Ce tiers de la population constitue ce que l’étude nomme les éconduits structurels : individus pour lesquels l’accès au volant est, par nature, impossible. Au total, plus de 22 millions de personnes dépendent d’autres individus ou de services de transports collectifs pour leur mobilité.

 

Si 67 % des Français disposent d’un permis de conduire, seuls 18 % de ces titulaires déclarent n’être jamais empêchés de conduire. En d’autres termes, 82 % des automobilistes potentiels renoncent, à des degrés divers, à l’usage de leur véhicule.

 

23 % renoncent quasiment systématiquement dans certaines situations, 21 % fréquemment (au moins une fois par mois) et 38 % occasionnellement (moins d’une fois par mois).

 

Plusieurs facteurs expliquent cette proportion élevée de personnes qui renoncent partiellement ou totalement à conduire. Le coût des déplacements (essence, péage) conduit 13 % des détenteurs du permis à ne pas conduire chaque mois, soit plus de 6 millions de personnes. L’indisponibilité du véhicule (utilisé par autrui ou en panne) concerne 35 % des usagers, et jusqu’à 54 % des jeunes usagers. Les problèmes administratifs constituent également un facteur de renoncement important : le défaut d’assurance explique 10 % des cas, la suspension du permis, 9 %, l’absence de contrôle technique pour la voiture, 15 % sur l’année.

 

La crainte de la somnolence incite 28 % des détenteurs de permis à renoncer à conduire. 43 % des conducteurs sont réticents à conduire la nuit. 7 % préfèrent s’abstenir complètement de conduire la nuit. 10 % des titulaires du permis évitent de conduire dans les villes. 10 % également refusent les parcours en montagne. Par ailleurs, près d’un conducteur sur deux, ne prend pas la route face à des conditions climatiques défavorables (pluie, neige, etc.).

 

 

 

Les femmes sont plus souvent que les hommes amenées à renoncer à conduire. 50 % des femmes refusent de conduire la nuit, contre 36 % des hommes. 55 % évitent les mauvaises conditions météo, contre 45 % des hommes. Ces derniers renoncent plus souvent pour des raisons administratives ou matérielles : défaut d’assurance (13 % contre 6 %), suspension de permis (12 % contre 4 %), absence de contrôle technique (17 % contre 9 %). Les jeunes conducteurs de 18 à 24 ans sont nombreux à renoncer à la conduite faute de voiture.
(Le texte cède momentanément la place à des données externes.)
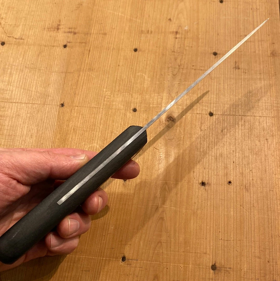 Carbon steel blade with walnut handle, sharpened a few times but with lots of life left.
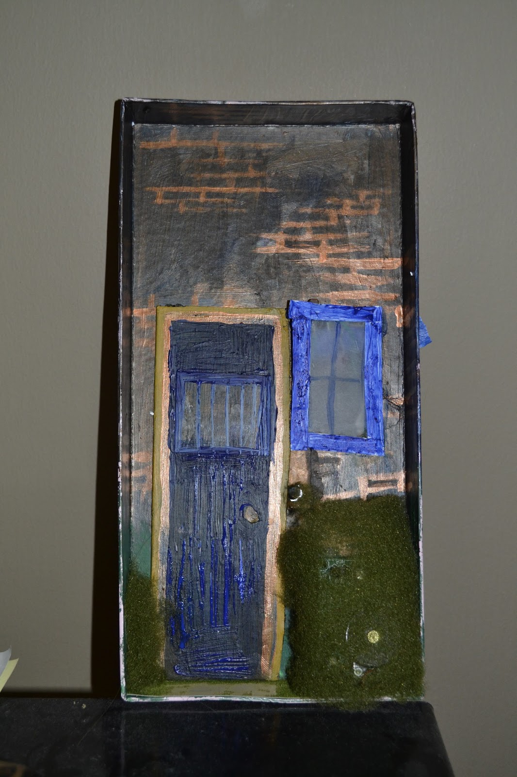 8. add in house details using white paper a outline box for window frame, doorbell frame and window flower pot. Paint and glue the house details on. Then cut out some ready sheet turf for the yard! add some scrapes and flowers for an unperfect yard lawn WHY? for character! DUH!

Le coût d’utilisation de la voiture explique en grande partie ce renoncement, qui concernerait 97 % des 19-24 ans.

 

Dans les grandes agglomérations, le renoncement à la conduite est imputable à l’offre de transports publics et aux difficultés rencontrées par les automobilistes pour circuler et se garer. 35 % des Parisiens évitent la conduite urbaine, contre 29 % en moyenne. 51 % renoncent à cause du stationnement (contre 36 % en moyenne). Par ailleurs, les Parisiens n’aiment guère sortir de leur région : 36 % des habitants de Paris ne se rendent pas en zone rurale.

 

L’incapacité à se déplacer en motorisé n’est pas sans conséquence. 32 % des titulaires du permis renoncent à voir leurs proches, 22 % à consulter un médecin et 21 % à effectuer des démarches administratives. En milieu rural, et même dans les grandes agglomérations, les alternatives à la voiture ne sont pas toujours évidentes. Le renoncement à la conduite est donc un facteur important d’exclusion sociale.

 

Longtemps symbole d’autonomie et d’intégration sociale, le permis de conduire n’a plus le même pouvoir d’attraction ni la même utilité dans la société française contemporaine. La montée des contraintes économiques, la densification urbaine, les enjeux écologiques, mais aussi les obstacles matériels et psychologiques ont profondément reconfiguré le rapport des Français à la conduite automobile. Ce phénomène n’est pas marginal : il touche toutes les générations, toutes les catégories sociales, et révèle une fracture silencieuse dans l’accès à la mobilité. Or, l’incapacité à se déplacer librement demeure un puissant vecteur d’exclusion. Dans un pays où la voiture reste souvent indispensable, notamment hors des centres urbains, le renoncement à la conduite appelle une réflexion d’ensemble sur l’aménagement du territoire, l’accessibilité des services, et l’invention de nouvelles formes de mobilité plus inclusives.